Michael Saylor, the founder of Strategy, predicts that Bitcoin could reach a value of $13 million per coin by 2045. In a discussion with Natalie Brunell, Saylor expressed his belief that Bitcoin will become the leading reserve asset for corporate treasuries, surpassing traditional commodities like gold, cash, and bonds.
He argued that corporations can achieve substantial returns over time by maintaining fixed-rate debt and using their profits to purchase Bitcoin.
Saylor feels low-profile publicly traded firms are turning to Bitcoin to boost their digital balance sheet and cement their positions with investors. As a recent follower of MicroStrategy’s approach, Saylor highlighted looking at Meta Planet, a Japanese company. Saylor said firms are shifting to Bitcoin because the S&P 500 is outpacing outdated financial products such as stock repurchasing and cash hoarding.
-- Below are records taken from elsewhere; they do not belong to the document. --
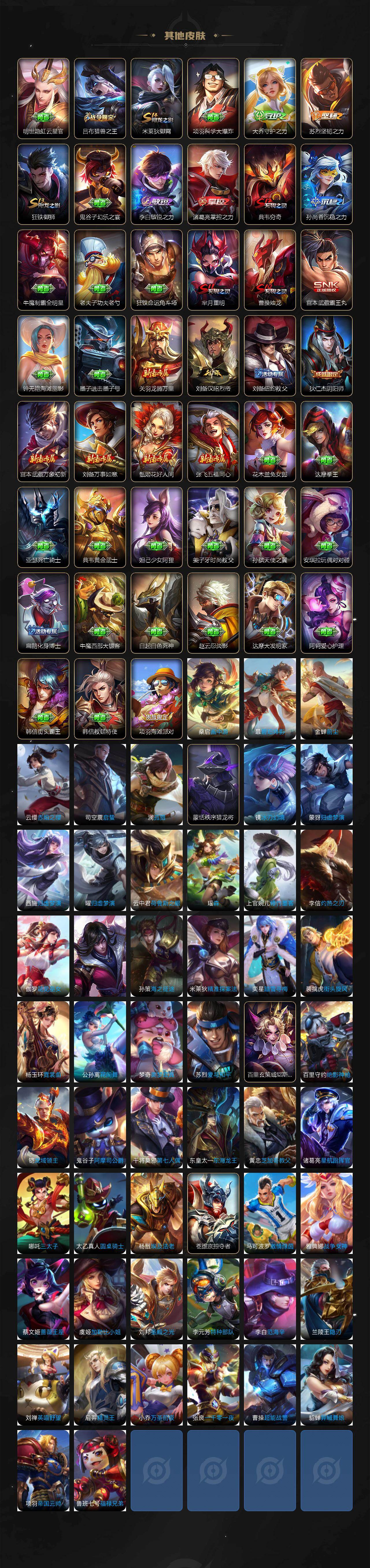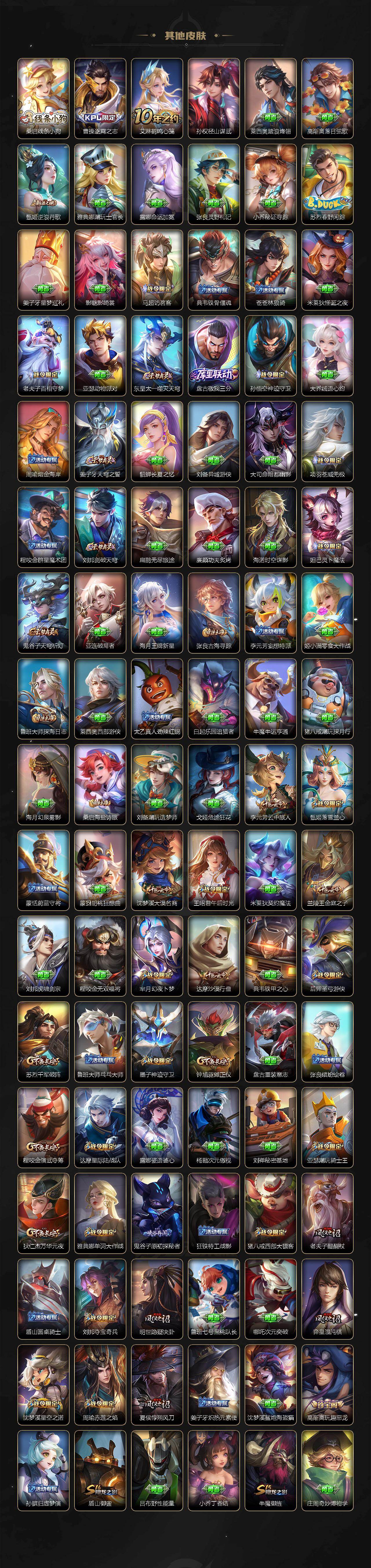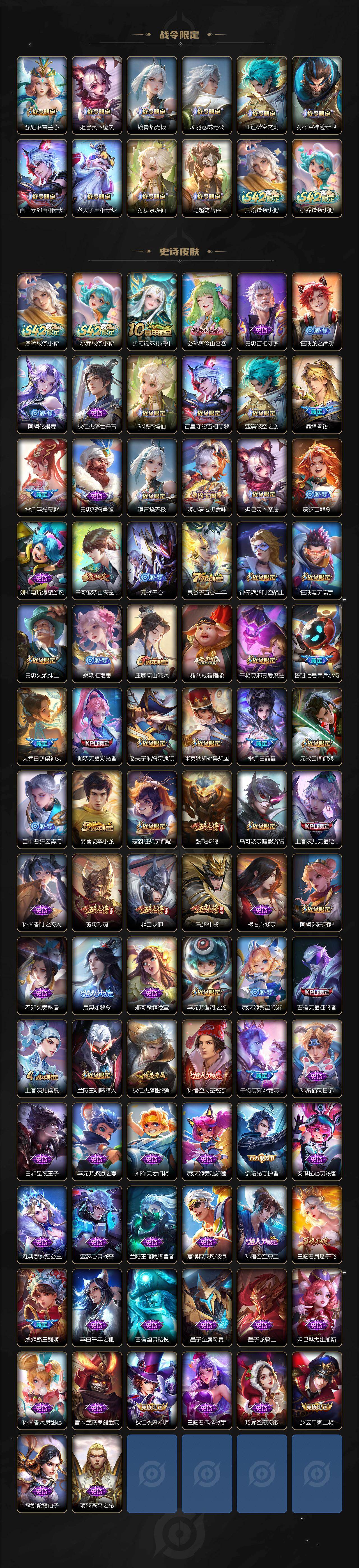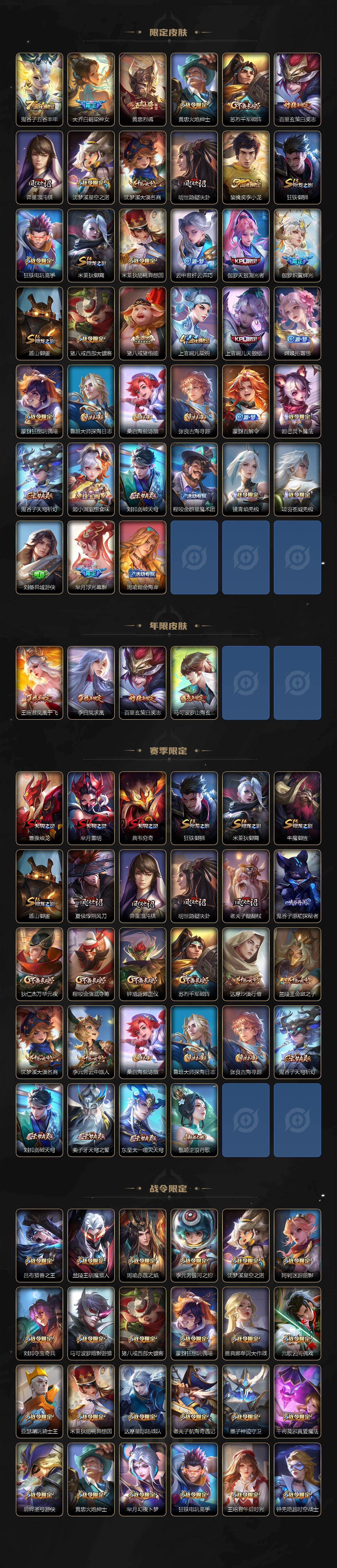 【限定皮肤】:暃埋骨钱,大乔绒语心约,姜子牙天穹之誓,狄仁杰阴阳师,赵云皇家上将,赵云龙胆,墨子神迹守卫,鲁班七号乒乒小将,庄周高山流水,高渐离玩趣恶龙,阿轲迷踪丽影,钟无艳超时空战士,芈月重明,芈月白晶晶,芈月幻夜卜梦,吕布天魔缭乱,吕布猎兽之王,周瑜赤莲之焰,元歌云间偶戏,元歌无心,夏侯惇朔风刀,甄姬落雪兰心,曹操烛龙,曹操天狼征服者,典韦穷奇,马可波罗暗影游猎,马可波罗山海玄木吟,狄仁杰魔术师,狄仁杰万华元夜,达摩星际陆战队,达摩沙漠行僧,项羽海滩派对,老夫子醍醐杖,老夫子航海奇遇记,关羽武圣,程咬金演武夺筹,刘邦夺宝奇兵,王昭君凤凰于飞,王昭君午后时光,兰陵王驯魔猎人,兰陵王金庭之子,花木兰燃星之曲,亚瑟潮玩骑士王,孙悟空至尊宝,孙悟空大圣娶亲,孙悟空零号赤焰,牛魔御旌,后羿如梦令,后羿圣弓游侠,张飞虎魄,李元芳银河之约,李元芳云中旅人,虞姬霸王别姬,虞姬启明星使,钟馗驱傩正仪,干将莫邪冰霜恋舞曲,干将莫邪真爱魔法,雅典娜单词大作战,蔡文姬繁星吟游,鬼谷子原初探秘者,鬼谷子五谷丰年,大乔白鹤梁神女,黄忠烈魂,黄忠火炮绅士,苏烈千军破阵,百里玄策白虎志,弈星混沌棋,沈梦溪星空之诺,沈梦溪大漠名商,明世隐疑决卦,裴擒虎李小龙,狂铁御狮,狂铁电玩高手,米莱狄御霄,米莱狄胡桃异想国,云中君纤云弄巧,伽罗天狼溯光者,伽罗炽翼辉光,盾山御銮,猪八戒西部大镖客,猪八戒猪悟能,上官婉儿梁祝,上官婉儿天狼绘梦者,嫦娥拒霜思,蒙犽狂想玩偶喵,鲁班大师探海日志,桑启海盐诗旅,张良古海寻踪,蒙犽百解令,妲己灵卜魔法,鬼谷子天穹祈灯,姬小满妄想食味,刘邦剑破天穹,程咬金群星魔术团,镜青焰无极,项羽苍威无极,刘备异域游侠,芈月浮光幕影,周瑜熔金海岸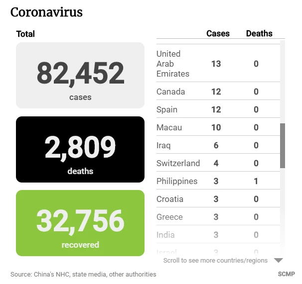 Tờ South China Morning Post dẫn nguồn Ủy ban Y tế quốc gia Trung Quốc ghi nhận tính đến 19 giờ 10 tối 27-2, có 2.809 người tử vong vì bệnh viêm đường hô hấp cấp do virus COVID-19 gây ra. Số ca nhiễm trên toàn cầu là 82.452 ca.
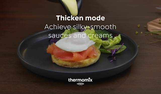 Thicken mode produces silky textures and the perfect consistency for all sorts of sauces and creams. In this mode you can thicken sauces such as vanilla pudding, béchamel, and other sauces with eggs, egg yolk, flour, and cornflour. Milk, cream, or baby food may be warmed without burning.
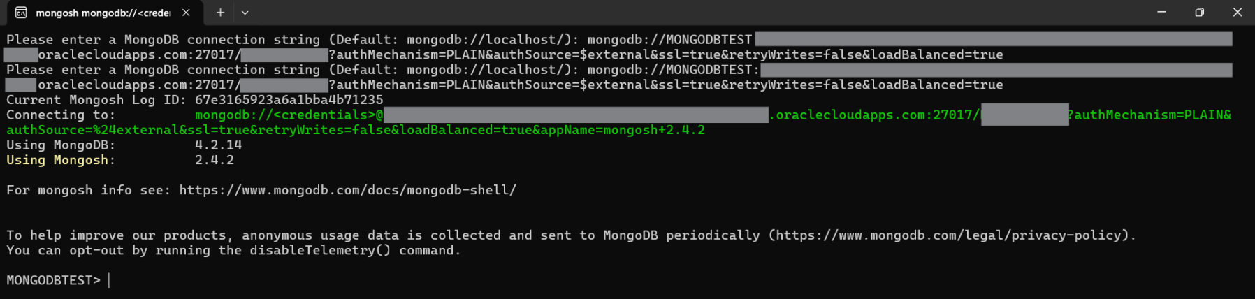 You can download the MongoDB Shell from here, if you have not already. Open the CLI and paste the connection string, when prompted, and press enter. And voila, we have just managed to connect to the Oracle Autonomous database through the MongoDB Shell.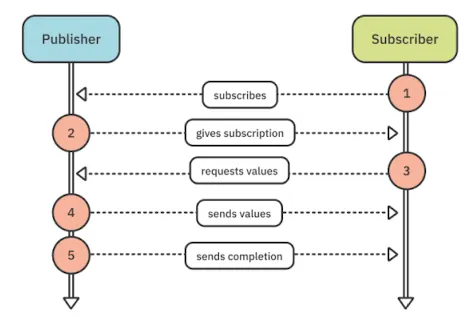Publisher - receive<S>(subscriber: S) → Subscriber - receive(subscription: Subscription) :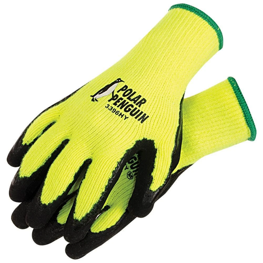 The Yellow Lined, Cold Weather Hi Viz Knit Gloves with Rubber Palm are most useful in outdoor work or cold warehouses where a good grip is essential. The gloves’ precurved design allows for easy finger flexing, and their terry insulation makes them comfortable to wear in cold weather. Additionally, their high visibility makes them helpful day or night, good weather or bad.
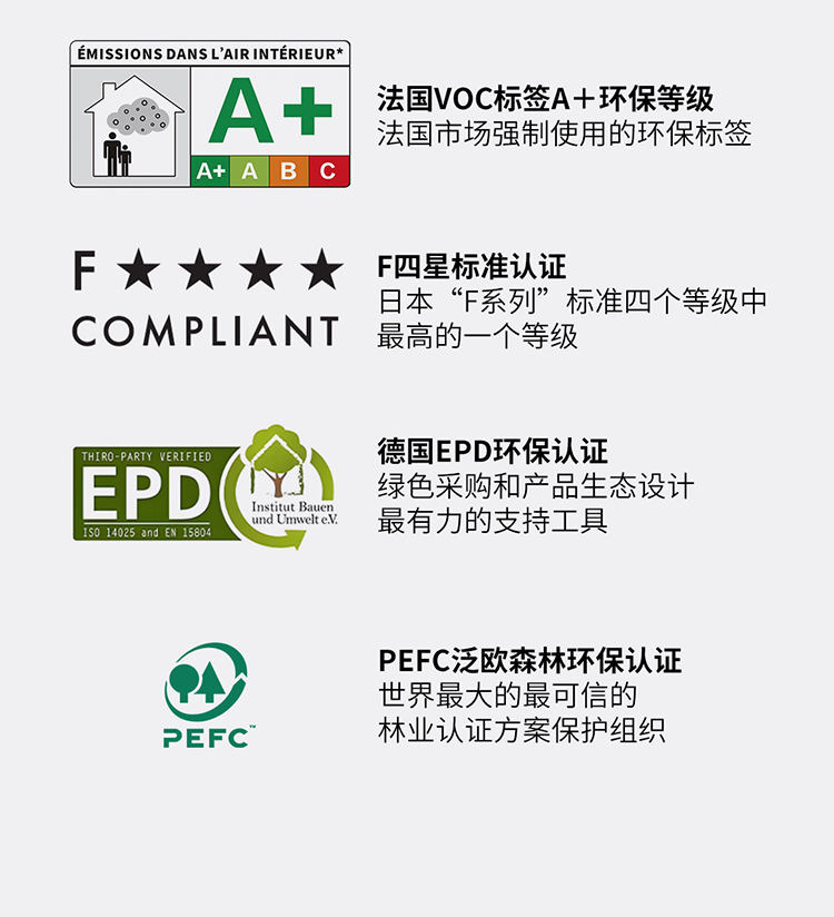 法國A+&日本F4星等多個環保認證,意味著家里有孕婦、有嬰兒、有老人,都可以放心。黑色底下,是安心的底色。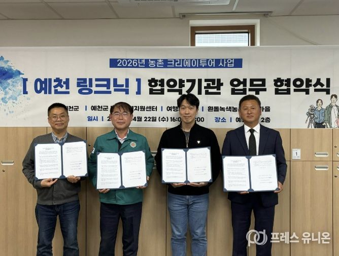 프레스유니온 강찬희 기자 | 예천군은 지난 22일 오후 4시, ‘농촌 크리에이투어’ 사업의 체계적인 추진과 민·관 협력 강화를 위한 민간 협의체를 구성하고 업무 협약을 체결했다고 밝혔다.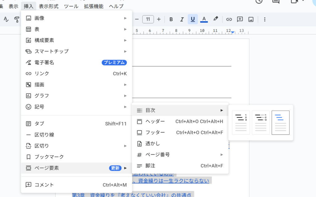 次は、目次の挿入。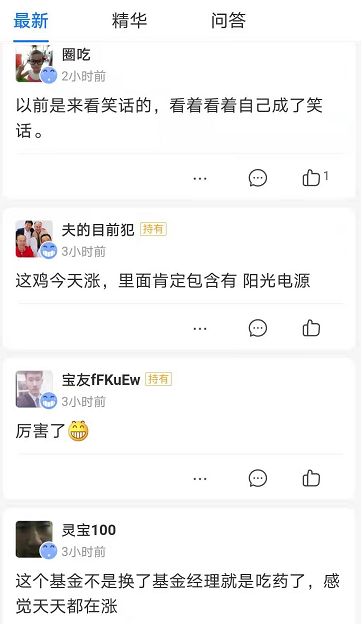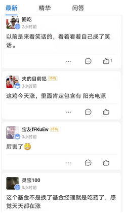 到了6月底,剧情再次发生反转。一位基民自嘲:“我以前是来看笑话的,看着看着自己成了笑话”;也有人不解:“这个基金不是换了基金经理,就是吃药了,感觉天天都在涨?”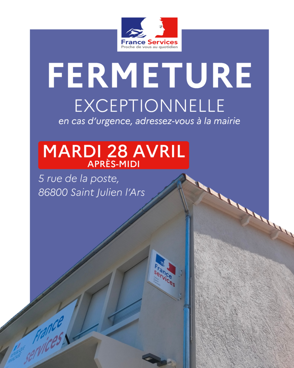 Fermeture France Services mardi 28 avril de 12h15 à 15h45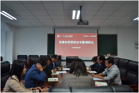 機(jī)械工程學(xué)院網(wǎng)訊(報(bào)道鄒醒佳|攝影楊誠(chéng) 儂玉昌) 為認(rèn)真落實(shí)中央、省委和貴州大學(xué)黨委的決策部署,扎實(shí)開展學(xué)院“不忘初心、牢記使命”題教育工作,根據(jù)機(jī)械工程學(xué)院黨委班子成員開展主題教育調(diào)研方案,10月14日,機(jī)械工程學(xué)院黨委書記安明剛在機(jī)械樓522會(huì)議室召開黨建和思想政治專題調(diào)研會(huì),圍繞“堅(jiān)定理想信念,牢記初心使命”主題,全面了解學(xué)院黨建和思想政治工作情況。我院黨委副書記代祥社、副院長(zhǎng)楊勤及各支部書記、學(xué)生黨員代表、教職工黨員代表參加了會(huì)議。

In addition to Bitcoin purchases, Strategy is releasing a broad array of financial products to increase access to the cryptocurrency. As a perpetual preferred stock, Strife provides investors with a guaranteed 10% interest rate backed by Bitcoin collateral, ideal for steady income seekers. There is also ‘Strike,’ which provides 8% income with intended exposure to Bitcoin's upside, perfect for risk-averse investors.
Saylor introduced BitBonds as a form of bond underwritten by Bitcoin that he believes has potential appeal to companies and nations willing to diversify their methods of raising finances. Strategy says BitBonds' wide use would depend on clear regulations and the availability of leaders willing to use these instruments.
While Bitcoin continues to be valued at approximately $103,000, Saylor attributed the valuation level to profit selling, which was still occurring at failed firms such as FTX and still took a toll on the market's growth. He observed that corporate and ETF purchases by institutional investors are slowly building the groundwork for long-term demand for cryptocurrency.
Saylor advised individual investors to focus on building up their Bitcoin instead of trying to time the market. He proposed staying employed, using cheap debt, and buying the asset slowly. According to Saylor, Bitcoin's value proposition is not waning, although there is market volatility. He attributed it to the Bitcoin rally from $4,000 in 2020, which has been shown to beat tech stocks and conventional commodities as the outperforming asset class.